Caption Title Gi Length
1 NC_003143 Yersinia pestis CO92 chromosome, complete genome 16120353 4653728
2 NC_003131 Yersinia pestis CO92 plasmid pCD1, complete sequence 16082691 70305
3 NC_003134 Yersinia pestis CO92 plasmid pMT1, complete sequence 16082781 96210
4 NC_003132 Yersinia pestis CO92 plasmid pPCP1, complete sequence 16082679 9612
If you are fetching sequences, use caution when downloading large sequences. One option is to add a low seq_stop if you are not sure what will be returned in the search results.
efetch(esearch( "Yersinia pestis CO92[ORGN] AND refseq[FILTER] AND nuccore genome[Filter]", db="nuccore"), seq_stop=700, rettype="fasta")
[1] "4 results found"
[1] ">gi|16120353:1-700 Yersinia pestis CO92 chromosome, complete genome" "GATCTTTTTATTTAAACGATCTCTTTATTAGATCTCTTATTAGGATCATGATCCTCTGTGGATAAGTGAT"
[3] "TATTCACATGGCAGATCATATAATTAAGGAGGATCGTTTGTTGTGAGTGACCGGTGATCGTATTGCGTAT" "AAGCTGGGATCTAAATGGCATGTTATGCACAGTCACTCGGCAGAATCAAGGTTGTTATGTGGATATCTAC"
[5] "TGGTTTTACCCTGCTTTTAAGCATAGTTATACACATTCGTTCGCGCGATCTTTGAGCTAATTAGAGTAAA" "TTAATCCAATCTTTGACCCAAATCTCTGCTGGATCCTCTGGTATTTCATGTTGGATGACGTCAATTTCTA"
[7] "ATATTTCACCCAACCGTTGAGCACCTTGTGCGATCAATTGTTGATCCAGTTTTATGATTGCACCGCAGAA" "AGTGTCATATTCTGAGCTGCCTAAACCAACCGCCCCAAAGCGTACTTGGGATAAATCAGGCTTTTGTTGT"
[9] "TCGATCTGTTCTAATAATGGCTGCAAGTTATCAGGTAGATCCCCGGCACCATGAGTGGATGTCACGATTA" "ACCACAGGCCATTCAGCGTAAGTTCGTCCAACTCTGGGCCATGAAGTATTTCTGTAGAAAACCCAGCTTC"
[11] "TTCTAATTTATCCGCTAAATGTTCAGCAACATATTCAGCACTACCAAGCGTACTGCCACTTATCAACGTT" ""
[13] ">gi|16082691:1-700 Yersinia pestis CO92 plasmid pCD1, complete sequence" "GTGTAACGAACGGTGCAATAGTGATCCACACCCAACGCCTGAAATCAGATCCAGGGGGTAATCTGCTCTC"
[15] "CTGATTCAGGAGAGTTTATGGTCACTTTTGAGACAGTTATGGAAATTAAAATCCTGCACAAGCAGGGAAT" "GAGTAGCCGGGCGATTGCCAGAGAACTGGGGATCTCCCGCAATACCGTTAAACGTTATTTGCAGGCAAAA"
Similar to esearch, the elink
command also returns either the History Server or a vector of ids if the cmd option is switched to neighbor (default is neighbor_history).
elink("15718680,157427902", dbfrom="protein", db="gene")
db link query_key WebEnv
1 gene protein_gene 1 NCID_1_15399116_130.14.18.52_9001_1330231183_1240047351
elink("15718680,157427902", dbfrom="protein", db="gene", cmd="neighbor")
[1] 522311 3702
These commands can also be nested to return complicated queries in a single line (esearch-> elink -> esummary). In this case, viral genomes linked to a Reference sequence in Entrez genome are displayed. Many links are also available as filters, so this search in nuccore would also work Nipah virus[ORGN] AND nuccore genome samespecies[Filter]

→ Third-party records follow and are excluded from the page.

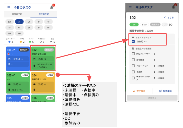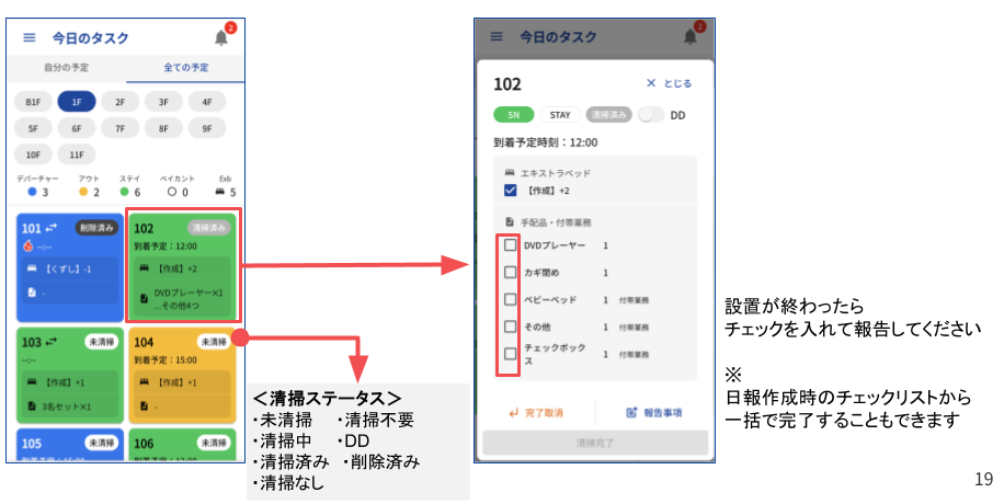 仿¥ã®ã¿ã¹ã¯ç»é¢ããããã¯æž æäºå®ç»é¢ãã詳现ç»é¢ãéããæé åã»ä»åž¯æ¥åã®é ç®ã«ãã§ãã¯ãå ¥ããããšã§ãèšçœ®å ±åãã§ããŸãã
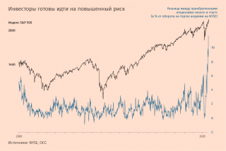 Свидетельством такой жадности Макдональд и аналитики Saxo Bank называют то, что инвесторы, в том числе множество частных, заигрались с опционами «колл» на акции техногигантов. Надеясь на продолжение роста, инвестор приобретает за премию такой инструмент, который даст ему право купить акцию по фиксированной цене (цене исполнения) до истечения срока контракта и заработать столько, на сколько реальная цена акции превысит цену исполнения и уплаченную премию. Продавцы опционов (обычно это маркет-мейкеры) также приобретают акции, чтобы иметь запас для исполнения контрактов, – и это дополнительно стимулирует рост котировок, но при падении цены могут начать сбрасывать их, усиливая падение, поясняют в Saxo Bank.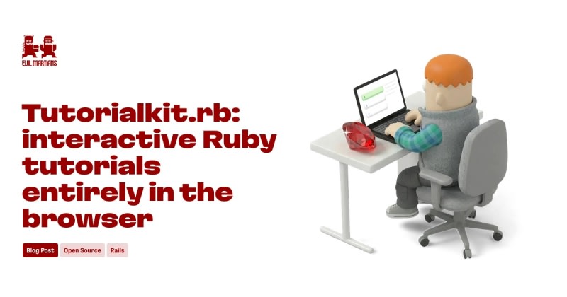 TutorialKit.rb has reached release candidate stage, enabling interactive Ruby and Rails tutorials that run entirely in the browser using WebAssembly and WebContainers. Key features include a scaffolding CLI (`npx create-tutorialkit-rb`), Claude Code skills for agent-friendly development, deployment pipelines for Netlify and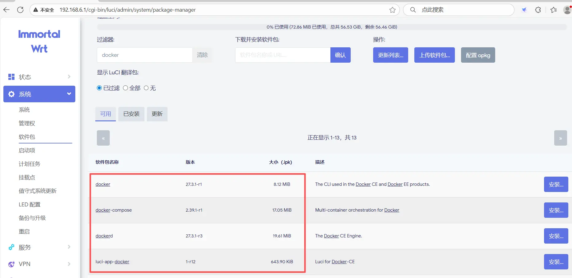 opkg install docker-compose dockerd docker luci-app-docker luci-i18n-docker-zh-cn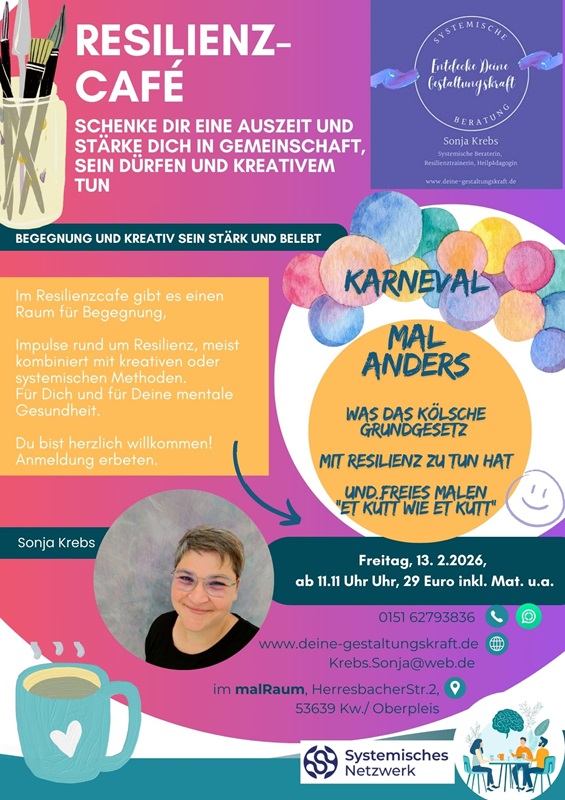 Impulse rund um Resilienz. meist kombiniert mit kreativen oder systemischen Methoden.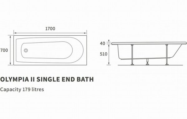 Olympia II Single End 1700x700x510mm 2TH Bath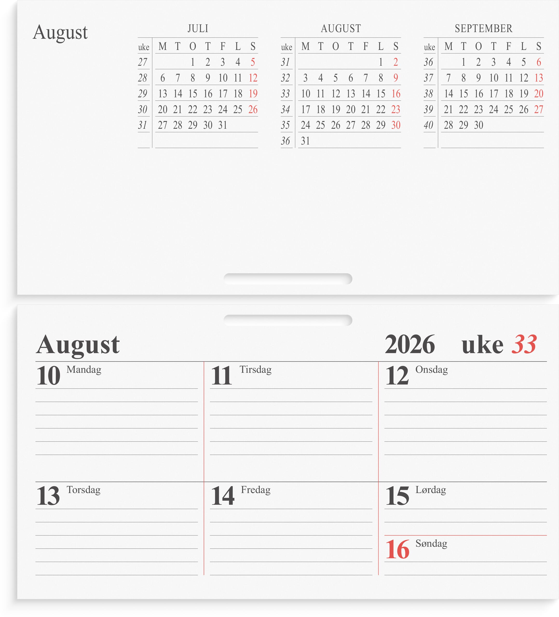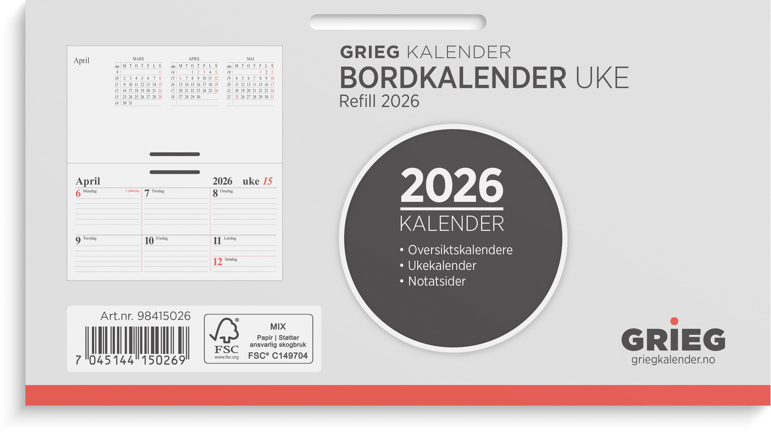 Bordkalender uke er perfekt å ha på pulten på kontoret! Den gir deg full oversikt over hvilken uke som er aktuell og den er samtidig liten slik at den ikke stjeler for mye plass. Her har du en uke over en side, oversikt over tre foregående måneder og plass til å notere. Kalenderen er miljømerket FSC®, som betyr at hele produktet er produsert med papir og annet trevirke fra et ansvarlig og bærekraftig skogsbruk. Den inneholder månedsoversikt og årsoversikt. - Følger kalenderåret - Omslag i kartong - Hullet for passende stativ 92 3664 00(Kjøpes separat) - 3 mnd. oversiktskalender - Notatplass hver uke - Stående uke/side - 112 sider - 80g papir - Format: 180x98mm

esummary( elink( esearch("Nipah virus", "genome"), db="nuccore", linkname="genome_nuccore_samespecies"))[, c(2,3,6,10)]
[1] "1 result found"
Caption Title CreateDate Length
1 JN808863 Nipah virus isolate NIVBGD2008RAJBARI, complete genome 2012/02/04 18252
2 JN808857 Nipah virus isolate NIVBGD2008MANIKGONJ, complete genome 2012/02/04 18252
3 FJ513078 Nipah virus isolate Ind-Nipah-07-FG from India, complete genome 2009/12/31 18252
4 AY988601 Nipah virus from Bangladesh, complete genome 2005/06/01 18252
5 AJ627196 Nipah virus complete genome, isolate NV/MY/99/VRI-0626 2005/01/07 18246
6 AJ564623 Nipah virus complete genome, isolate NV/MY/99/UM-0128 2004/01/05 18246
7 AJ564622 Nipah virus complete genome, isolate NV/MY/99/VRI-1413 2004/01/05 18246
8 AJ564621 Nipah virus complete genome, isolate NV/MY/99/VRI-2794 2004/01/05 18246
9 AY029768 Nipah virus isolate UMMC2, complete genome 2001/09/07 18246
10 AY029767 Nipah virus isolate UMMC1, complete genome 2001/09/07 18246
Check the help pages for additional details and please post any comments or issues.